Мы остановились. Один из охранников пробубнил что-то в кругляшок микрофона у щеки, прислушался к пустоте. Кивнул. Второй боец, не спеша, открыл дверь.
– Заходи! – приказала Тома.
Я повиновался. Дверь за мной закрылась, Тома осталась в коридоре.
Здесь было просторно и светло – не то, что в конуре, из которой я сюда явился. Но главное – здесь меня ждали.
7
– Привет, ребята! – бодро сказал я.
И осекся.
Видимо, тон я выбрал неверно. Ибо друзья мои выглядели так, словно наутро их собирались расстрелять перед строем карателей.

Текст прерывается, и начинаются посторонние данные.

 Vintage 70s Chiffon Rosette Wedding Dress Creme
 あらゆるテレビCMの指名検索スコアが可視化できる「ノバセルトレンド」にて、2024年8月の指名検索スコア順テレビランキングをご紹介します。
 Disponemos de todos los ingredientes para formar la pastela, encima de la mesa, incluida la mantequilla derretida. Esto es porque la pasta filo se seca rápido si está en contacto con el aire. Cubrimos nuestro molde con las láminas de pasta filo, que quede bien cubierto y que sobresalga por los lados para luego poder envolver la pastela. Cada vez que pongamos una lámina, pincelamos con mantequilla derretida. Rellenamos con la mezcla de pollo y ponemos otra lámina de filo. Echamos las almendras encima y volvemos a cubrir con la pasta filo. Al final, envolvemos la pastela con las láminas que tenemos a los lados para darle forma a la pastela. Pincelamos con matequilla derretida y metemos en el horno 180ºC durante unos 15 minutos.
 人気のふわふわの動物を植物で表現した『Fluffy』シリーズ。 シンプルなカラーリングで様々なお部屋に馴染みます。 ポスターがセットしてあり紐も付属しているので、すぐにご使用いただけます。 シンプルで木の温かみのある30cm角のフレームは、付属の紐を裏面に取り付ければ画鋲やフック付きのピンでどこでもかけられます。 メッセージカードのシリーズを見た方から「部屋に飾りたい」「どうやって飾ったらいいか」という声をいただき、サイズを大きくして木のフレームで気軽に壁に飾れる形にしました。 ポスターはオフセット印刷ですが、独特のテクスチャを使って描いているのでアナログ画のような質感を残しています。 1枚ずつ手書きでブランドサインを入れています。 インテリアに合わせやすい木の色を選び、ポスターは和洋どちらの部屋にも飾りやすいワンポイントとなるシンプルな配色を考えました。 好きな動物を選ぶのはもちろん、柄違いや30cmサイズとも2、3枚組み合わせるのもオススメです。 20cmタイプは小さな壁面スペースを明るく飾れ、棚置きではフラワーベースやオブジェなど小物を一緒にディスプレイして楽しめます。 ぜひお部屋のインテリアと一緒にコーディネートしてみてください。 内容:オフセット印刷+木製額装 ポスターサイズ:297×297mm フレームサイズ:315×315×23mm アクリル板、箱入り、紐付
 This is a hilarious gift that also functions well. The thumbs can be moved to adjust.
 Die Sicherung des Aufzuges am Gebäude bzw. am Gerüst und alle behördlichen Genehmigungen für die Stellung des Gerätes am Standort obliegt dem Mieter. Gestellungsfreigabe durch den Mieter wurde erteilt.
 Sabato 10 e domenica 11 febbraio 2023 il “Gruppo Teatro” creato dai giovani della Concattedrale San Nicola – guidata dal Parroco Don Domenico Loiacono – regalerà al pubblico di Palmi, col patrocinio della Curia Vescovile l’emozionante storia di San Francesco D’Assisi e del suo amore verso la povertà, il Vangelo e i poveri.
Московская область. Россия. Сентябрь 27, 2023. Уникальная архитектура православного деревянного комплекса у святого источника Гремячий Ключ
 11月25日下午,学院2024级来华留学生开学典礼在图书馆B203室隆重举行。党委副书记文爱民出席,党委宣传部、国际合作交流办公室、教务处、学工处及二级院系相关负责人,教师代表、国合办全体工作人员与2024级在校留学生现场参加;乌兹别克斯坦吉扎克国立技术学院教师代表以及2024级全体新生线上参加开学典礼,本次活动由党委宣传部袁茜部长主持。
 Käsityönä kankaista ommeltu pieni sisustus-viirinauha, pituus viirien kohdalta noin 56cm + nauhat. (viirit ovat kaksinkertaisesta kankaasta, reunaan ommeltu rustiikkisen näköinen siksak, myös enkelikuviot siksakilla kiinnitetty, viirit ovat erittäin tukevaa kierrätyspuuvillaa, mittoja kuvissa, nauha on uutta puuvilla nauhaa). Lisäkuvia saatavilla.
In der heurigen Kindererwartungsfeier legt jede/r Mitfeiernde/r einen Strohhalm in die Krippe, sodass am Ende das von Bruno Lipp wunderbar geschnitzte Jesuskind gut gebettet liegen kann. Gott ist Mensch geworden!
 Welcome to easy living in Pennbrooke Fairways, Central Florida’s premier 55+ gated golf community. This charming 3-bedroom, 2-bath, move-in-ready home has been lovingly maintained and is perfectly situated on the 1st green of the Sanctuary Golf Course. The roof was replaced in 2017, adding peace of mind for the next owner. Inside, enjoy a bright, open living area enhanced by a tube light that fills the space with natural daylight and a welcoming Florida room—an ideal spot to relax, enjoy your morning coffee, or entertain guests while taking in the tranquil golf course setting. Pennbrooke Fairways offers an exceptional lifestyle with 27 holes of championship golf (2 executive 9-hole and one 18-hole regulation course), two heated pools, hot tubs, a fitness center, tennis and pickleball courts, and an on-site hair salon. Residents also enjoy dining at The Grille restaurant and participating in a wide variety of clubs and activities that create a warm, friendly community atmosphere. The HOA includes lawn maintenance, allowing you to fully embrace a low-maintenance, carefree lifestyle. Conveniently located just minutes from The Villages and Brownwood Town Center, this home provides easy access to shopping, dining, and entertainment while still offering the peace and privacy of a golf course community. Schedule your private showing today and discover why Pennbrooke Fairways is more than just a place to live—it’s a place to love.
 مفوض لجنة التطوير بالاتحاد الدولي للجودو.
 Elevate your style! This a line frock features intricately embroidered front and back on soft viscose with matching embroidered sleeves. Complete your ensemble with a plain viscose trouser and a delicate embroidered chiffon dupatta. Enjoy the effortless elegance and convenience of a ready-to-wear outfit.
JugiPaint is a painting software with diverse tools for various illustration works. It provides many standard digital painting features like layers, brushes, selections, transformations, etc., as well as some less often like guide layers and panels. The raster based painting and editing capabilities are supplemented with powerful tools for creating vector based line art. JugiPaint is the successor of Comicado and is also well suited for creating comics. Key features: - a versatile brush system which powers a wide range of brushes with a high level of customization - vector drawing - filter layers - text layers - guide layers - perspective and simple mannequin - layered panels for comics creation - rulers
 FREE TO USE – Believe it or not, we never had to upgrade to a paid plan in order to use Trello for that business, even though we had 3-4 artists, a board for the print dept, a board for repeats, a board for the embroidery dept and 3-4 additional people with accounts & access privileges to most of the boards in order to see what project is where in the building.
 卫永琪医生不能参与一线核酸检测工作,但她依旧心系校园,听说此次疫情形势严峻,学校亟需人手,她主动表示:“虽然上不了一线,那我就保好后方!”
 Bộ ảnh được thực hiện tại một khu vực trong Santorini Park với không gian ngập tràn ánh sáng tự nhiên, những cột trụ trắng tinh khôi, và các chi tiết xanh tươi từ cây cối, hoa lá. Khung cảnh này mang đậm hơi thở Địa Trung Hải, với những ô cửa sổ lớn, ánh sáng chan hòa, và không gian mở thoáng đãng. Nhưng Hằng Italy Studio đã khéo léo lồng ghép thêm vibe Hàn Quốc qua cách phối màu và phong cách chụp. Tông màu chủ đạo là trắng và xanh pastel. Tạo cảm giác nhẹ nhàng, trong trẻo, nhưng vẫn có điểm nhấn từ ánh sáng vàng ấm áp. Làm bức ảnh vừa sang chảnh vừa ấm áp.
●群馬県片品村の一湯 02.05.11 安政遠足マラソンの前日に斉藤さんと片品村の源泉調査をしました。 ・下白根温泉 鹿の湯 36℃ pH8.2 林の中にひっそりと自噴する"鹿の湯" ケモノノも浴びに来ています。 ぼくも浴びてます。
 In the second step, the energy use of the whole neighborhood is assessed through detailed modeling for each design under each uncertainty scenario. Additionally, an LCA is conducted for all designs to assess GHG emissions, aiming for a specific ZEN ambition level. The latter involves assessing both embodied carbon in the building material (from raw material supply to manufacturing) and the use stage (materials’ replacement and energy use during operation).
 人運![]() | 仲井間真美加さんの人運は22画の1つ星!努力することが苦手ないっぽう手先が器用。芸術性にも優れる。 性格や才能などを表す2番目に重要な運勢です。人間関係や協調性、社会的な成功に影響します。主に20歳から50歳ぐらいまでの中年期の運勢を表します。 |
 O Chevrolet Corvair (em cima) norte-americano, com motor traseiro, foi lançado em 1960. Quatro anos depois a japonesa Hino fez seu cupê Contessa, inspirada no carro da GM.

Доходяга тихо трясся в дальнем углу. На нем лица не было, и по щекам катились слезы. Крот зябко ежился, примостившись на длинной лавке у дальней стены. Даже Хиляк выглядел удручающе, и мое появление не вывело его из оцепенения. Он, скрючившись, сидел за железным столом, укутавшись в плащ, спрятавшись за полями шляпы
Только Затворник тоскливо помахал мне рукой. Все-таки, он слабаком не был.
– Э, вы чего? – робко произнес я. – Все вроде живы-здоровы, а?
Мне стало неловко за свой излишне бодрый и румяный вид.
Все-таки, у меня нет право на оптимизм. Ведь и силу я получил только для того, чтобы защитить всех этих людей. Но что от меня толку? Как говорится, сила есть – ума не надо…
– Все пропало… – вяло сказал Хиляк. – Конец…
Я осторожно присел рядом.
– Почему – конец? – спросил я, хотя ответ и так был очевиден.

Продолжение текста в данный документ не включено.